Долохов медленно выпрямил согнутую ногу и прямо, своим светлым и наглым взглядом, посмотрел в лицо генерала.
– Зачем синяя шинель? Долой… Фельдфебель! Переодеть его… дря… – Он не успел договорить.
– Генерал, я обязан исполнять приказания, но не обязан переносить… – поспешно сказал Долохов.
– Во фронте не разговаривать!… Не разговаривать, не разговаривать!…
– Не обязан переносить оскорбления, – громко, звучно договорил Долохов.
Глаза генерала и солдата встретились. Генерал замолчал, сердито оттягивая книзу тугой шарф.
– Извольте переодеться, прошу вас, – сказал он, отходя.


– Едет! – закричал в это время махальный.
Полковой командир, покраснел, подбежал к лошади, дрожащими руками взялся за стремя, перекинул тело, оправился, вынул шпагу и с счастливым, решительным лицом, набок раскрыв рот, приготовился крикнуть. Полк встрепенулся, как оправляющаяся птица, и замер.

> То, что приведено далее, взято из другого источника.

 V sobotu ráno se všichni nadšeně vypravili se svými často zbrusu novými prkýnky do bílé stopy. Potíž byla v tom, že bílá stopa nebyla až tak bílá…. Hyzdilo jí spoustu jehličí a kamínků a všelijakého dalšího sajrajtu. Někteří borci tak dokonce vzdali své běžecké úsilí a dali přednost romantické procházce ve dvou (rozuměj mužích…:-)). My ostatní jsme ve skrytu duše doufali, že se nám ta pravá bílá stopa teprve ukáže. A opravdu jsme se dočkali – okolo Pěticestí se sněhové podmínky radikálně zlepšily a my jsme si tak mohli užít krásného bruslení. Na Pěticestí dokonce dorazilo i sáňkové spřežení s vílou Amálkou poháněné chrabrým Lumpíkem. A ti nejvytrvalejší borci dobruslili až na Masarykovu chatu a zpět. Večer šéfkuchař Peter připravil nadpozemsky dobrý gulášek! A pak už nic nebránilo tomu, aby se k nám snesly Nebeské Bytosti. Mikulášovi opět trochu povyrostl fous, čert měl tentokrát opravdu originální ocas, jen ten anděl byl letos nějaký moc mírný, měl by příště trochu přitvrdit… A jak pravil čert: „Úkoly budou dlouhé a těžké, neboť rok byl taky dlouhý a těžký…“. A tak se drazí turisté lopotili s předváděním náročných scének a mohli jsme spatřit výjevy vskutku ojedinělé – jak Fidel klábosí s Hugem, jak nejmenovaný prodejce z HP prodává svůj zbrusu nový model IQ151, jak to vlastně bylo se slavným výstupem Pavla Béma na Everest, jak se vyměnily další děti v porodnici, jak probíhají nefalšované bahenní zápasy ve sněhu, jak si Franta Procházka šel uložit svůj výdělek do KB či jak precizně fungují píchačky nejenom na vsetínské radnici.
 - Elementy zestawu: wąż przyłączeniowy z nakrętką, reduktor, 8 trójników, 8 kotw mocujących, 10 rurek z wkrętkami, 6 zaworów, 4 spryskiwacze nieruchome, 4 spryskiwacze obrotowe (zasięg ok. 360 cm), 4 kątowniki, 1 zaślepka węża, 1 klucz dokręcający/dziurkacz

– Смир р р р на! – закричал полковой командир потрясающим душу голосом, радостным для себя, строгим в отношении к полку и приветливым в отношении к подъезжающему начальнику.
По широкой, обсаженной деревьями, большой, бесшоссейной дороге, слегка погромыхивая рессорами, шибкою рысью ехала высокая голубая венская коляска цугом. За коляской скакали свита и конвой кроатов. Подле Кутузова сидел австрийский генерал в странном, среди черных русских, белом мундире. Коляска остановилась у полка. Кутузов и австрийский генерал о чем то тихо говорили, и Кутузов слегка улыбнулся, в то время как, тяжело ступая, он опускал ногу с подножки, точно как будто и не было этих 2 000 людей, которые не дыша смотрели на него и на полкового командира.

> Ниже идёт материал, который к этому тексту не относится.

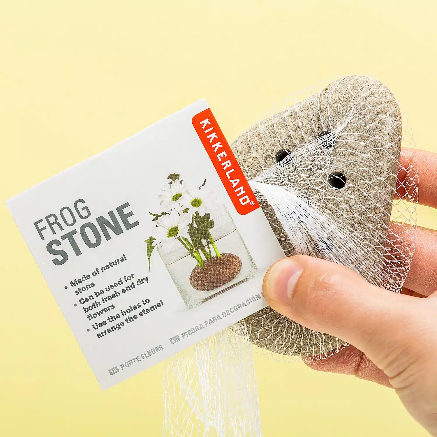 Maak van een boeket bloemen een echte eyecatcher, met de Frog Stone bloemschiksteen van Kikkerland. Een flower frog of frog stone is een hulpmiddel bij Ikebana: een Japanse vorm van bloemschikken. De steen wordt op de bodem van een vaas gelegd, waarna de bloemstelen in de gaten worden gestoken. Op deze manier blijven de bloemen perfect op hun plek. De frog stone is extra mooi als je hem in een transparante vaas gebruikt, omdat je de steen dan ook ziet.
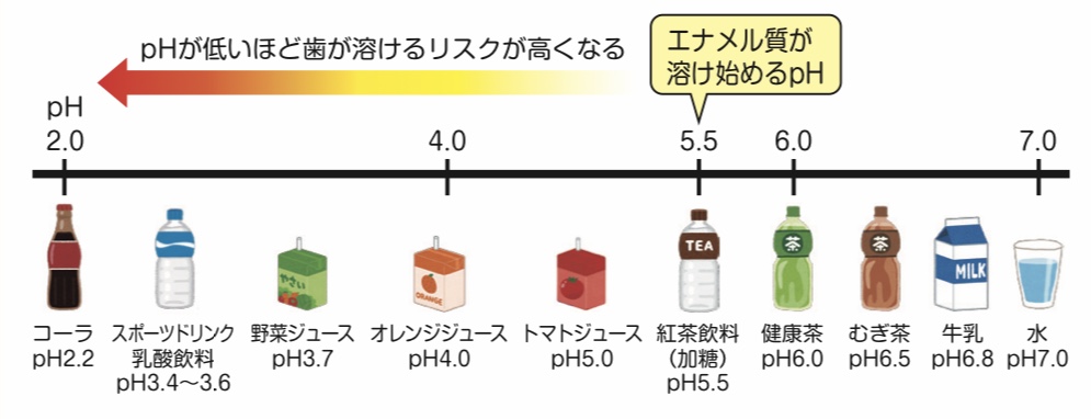歯の表面を覆うエナメル質はpH5.5、中心の象牙質はpH 6.0以下で脱灰することが知られていますが、市販の飲料の73%が歯を溶かす程の酸性(pH 5.5以下)をがあるようです。

Раздался крик команды, опять полк звеня дрогнул, сделав на караул. В мертвой тишине послышался слабый голос главнокомандующего. Полк рявкнул: «Здравья желаем, ваше го го го го ство!» И опять всё замерло. Сначала Кутузов стоял на одном месте, пока полк двигался; потом Кутузов рядом с белым генералом, пешком, сопутствуемый свитою, стал ходить по рядам.

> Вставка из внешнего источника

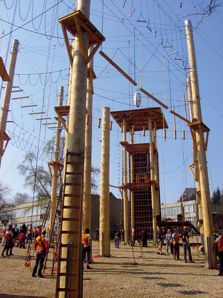 Lanové centrum bolo vybudované v roku 2003. Jeho konštrukcia pozostávala zo šestnástich jedľových stĺpov výšky 12 m s priemerom pri záhlaví 30 cm. Záhlavia stĺpov boli zabudované do betónových pätiek a stabilitu stĺpov zabezpečovali spevnené oceľové laná. Centrum bolo rozdelené na dve časti (hlavnú a vedľajšiu).
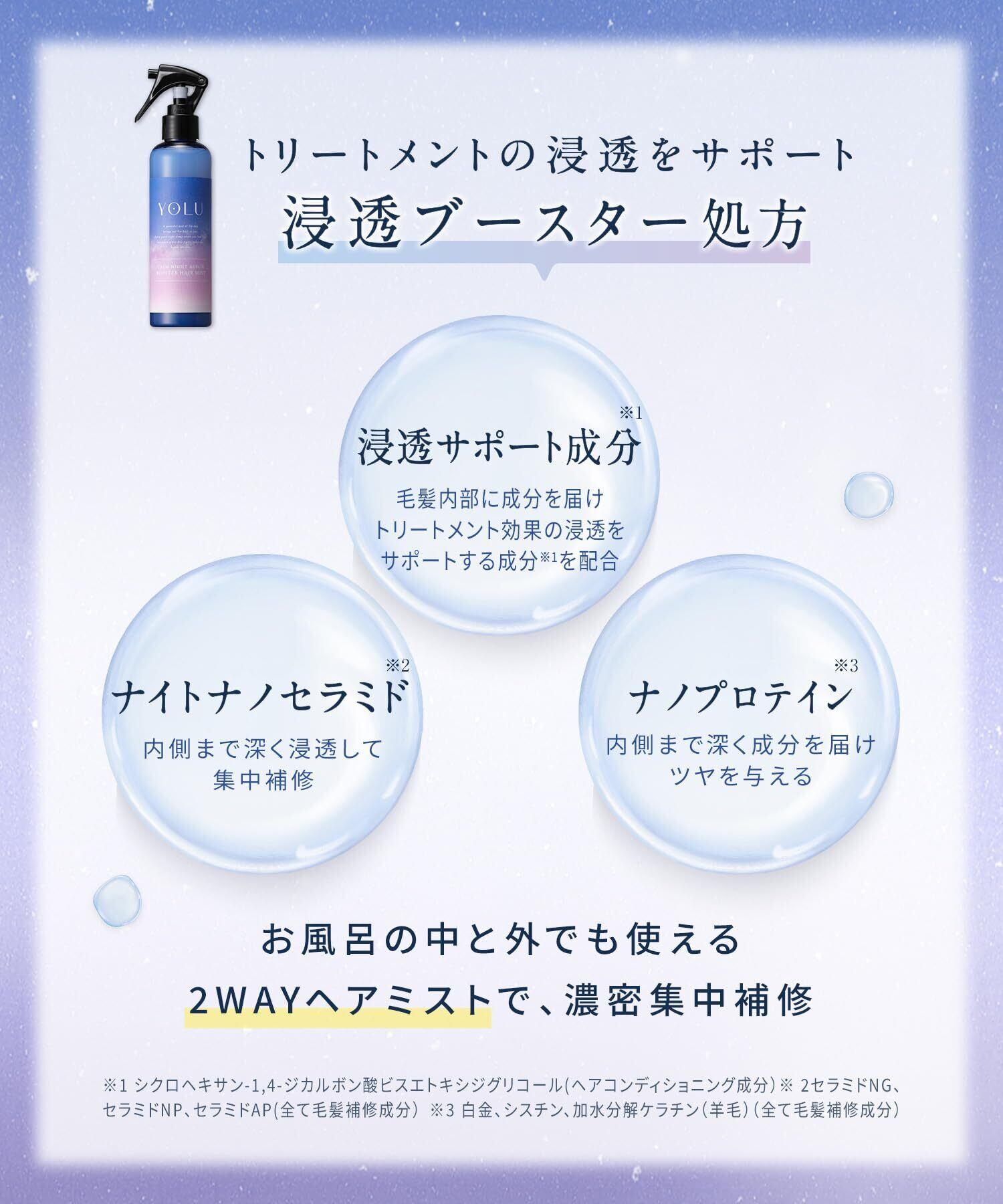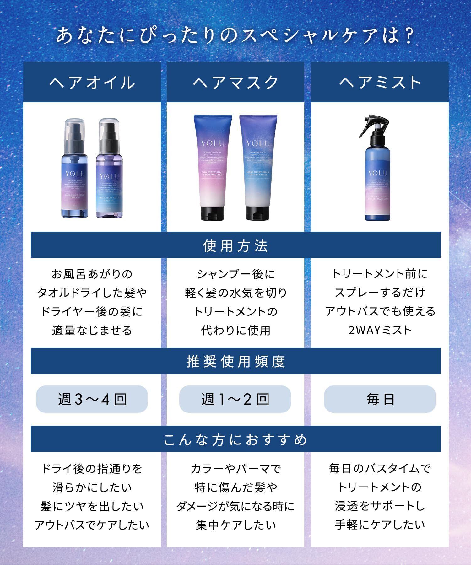 商品特長 YOLU独自の夜間美容でうるツヤ髪に導きます。
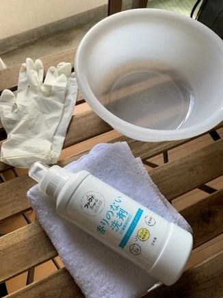 3.たらいの中の洗剤液を流し、水道水を入れマスクをすすぐ
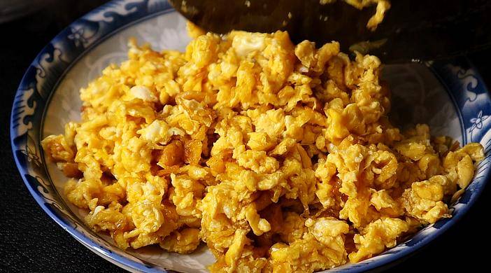 1、首先碗里打几个鸡蛋,盐味一次性加够,然后我这样打散,油温六成热时,倒入鸡蛋液。像我这样给它炒熟炒散,然后盛出来备用。

По тому, как полковой командир салютовал главнокомандующему, впиваясь в него глазами, вытягиваясь и подбираясь, как наклоненный вперед ходил за генералами по рядам, едва удерживая подрагивающее движение, как подскакивал при каждом слове и движении главнокомандующего, – видно было, что он исполнял свои обязанности подчиненного еще с большим наслаждением, чем обязанности начальника. Полк, благодаря строгости и старательности полкового командира, был в прекрасном состоянии сравнительно с другими, приходившими в то же время к Браунау. Отсталых и больных было только 217 человек. И всё было исправно, кроме обуви.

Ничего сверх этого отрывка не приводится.